Spatial distribution of soil thickness plays a critical role in upland hydrologic response as it decides the water storage and flow path. The physically, process-based approaches sought by Hydrologist and geomorphologists for soil thickness predictions, however, rely on model parameter determination, which is limited at specific areas by using expensive and time consuming laboratory works (e.g., cosmogenic radionuclide measurement). So it is essential to develop a framework for parameterization of the geomorphic, process-based model on the basis of measured soil information. In this study, based on two local steady assumptions (i.e., local steady-state for ridge area and local steady-state for sideslope area), a framework for model parameterization has been derived for two models, i.e., the linear, slope-dependent model and the nonlinear depth- and slope-dependent model. In both of the assumptions, the same set of parameters (i.e, characteristic decay depth and the ratio of diffusion coefficient and soil production rate for bare bedrock) can be determined. Under a specified value of the ratio, the optimal results of the two models can converge to the same point without regards of the individual value of diffusion coefficient and soil production rate.
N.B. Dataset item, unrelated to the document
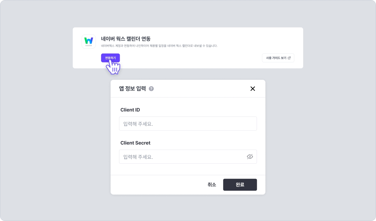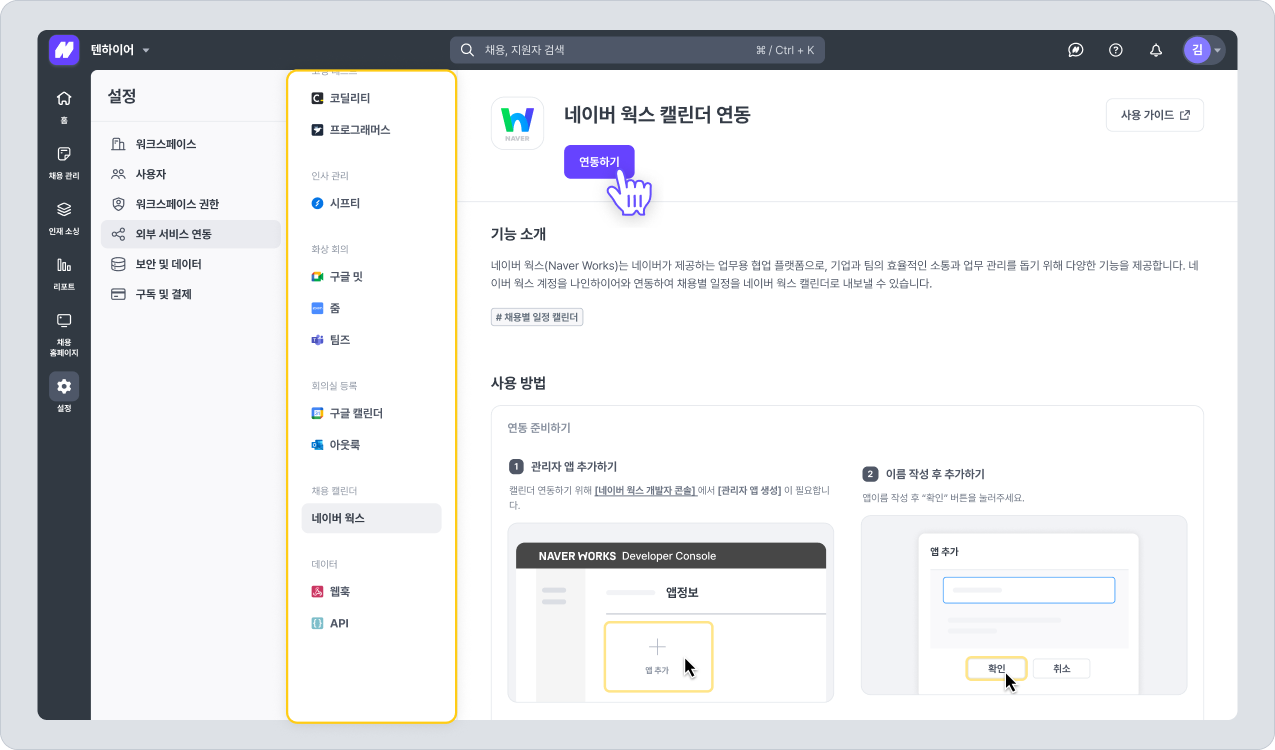 접근 경로 : 설정 > 외부 서비스 연동 > 채용 캘린더 > 네이버 웍스

Furthermore, for the linear model, a power function between the optimal simulation time and the diffusion coefficient was found and then an analytical expression was derived for determine the optimal simulation time, which matches the optimal time through model calibrations well. As to the nonlinear model, we found that the simulation results can be significantly impacted by the lower limit of ridge width under the local steady-state for sideslope area. The theoretical framework is used to predict the spatial distribution of soil thickness in a headwater hillslope, the 0.31 ha H1 in Hemuqiao catchment in eastern China. Field observations and model simulations indicate that two models can achieve comparative results under the framework through appropriate derivations of parameters. The framework suggested in this study provides an applicable approach for parameterizing the geomorphic, process-based model for soil thickness predictions.